With the 2 phase model we get one exp with mean 37.9 and a relative frequency within global loot of 95%. The second has mean 226 and a rel. freq of 5%. An exp dist. with mean 37.9 would have about 27% of all observations after the truncation point of 50 PED. For the second dist this is 80%.

So for every dist we have

pt_i * pe_i = p_i

this can be resolved to pe_i = p_i/pt_i * n
where n is a normalizing constant and is equal to sum(p_i/pt_i).

This gives the above depicted pe. So the real rel. frequency of the first dist. with mean 37.9 is 98% and that of the second with mean 226 is 2%.

So what does that mean?

If the assumption "that we observe truncated data" is right, then there are two loot distributions. The first has mean 37.9 PED and is triggered in 98% of cases. Only about 27% of the values from dist dist lead tio globals. The second has mean 226 and is triggered in about 2% of all loots.
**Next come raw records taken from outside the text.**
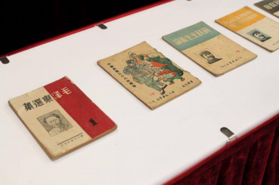 收藏者石偉捐贈的“1945年蘇中版《毛澤東選集》”等書籍。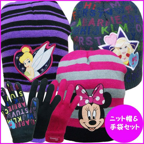 Disney ディズニー ティンカーベル キッズ 子供用 ニット帽 手袋 50~54cm 女の子 - デザインBティンカーベル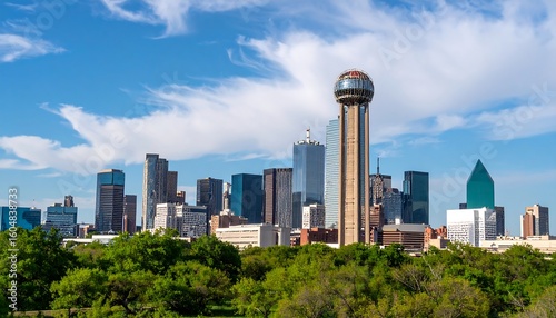 © diinulkha, Fototapeta premium Panoramic view of a bustling city skyline under a vibrant blue sky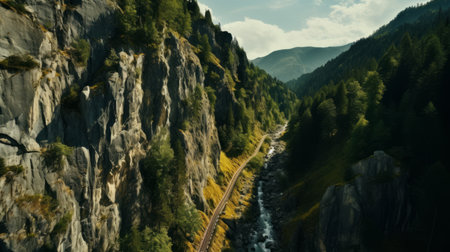 High-altitude shots of a railway cutting through dense forests and rocky cliffs in the mountainous terrain. Generative AI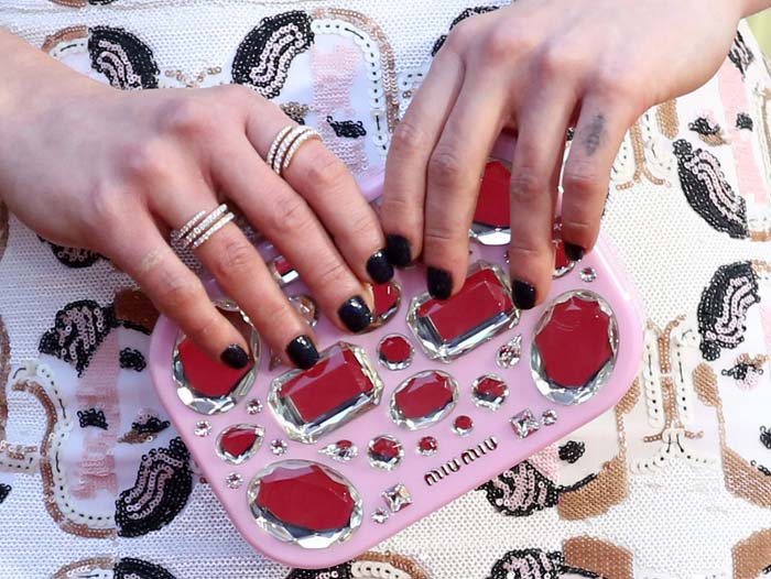 Emilia wore a sequined graphic print ankle-length dress which she paired with a fun embellished clutch — both by Miu Miu.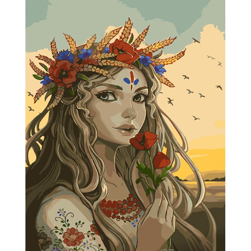 Картина за номерами Strateg ПРЕМІУМ Українка у вишиванці з лаком розміром 40х50 см (GS827)

About 80% of the values from this dist. lead to globals. So it looks as we are able to estimate from global loot also one part of the non observable loot.

One further thing. It might be that MA sets an upper limit. With an exp distribution you would be able to generate an infinity high loot. Therfore I guess they truncate the propability at .001 or .0001. The respective multipliers would be abou 7 and 9. So maximally 259-333 PED would be generated by the first dist and 1582-2034 from the second.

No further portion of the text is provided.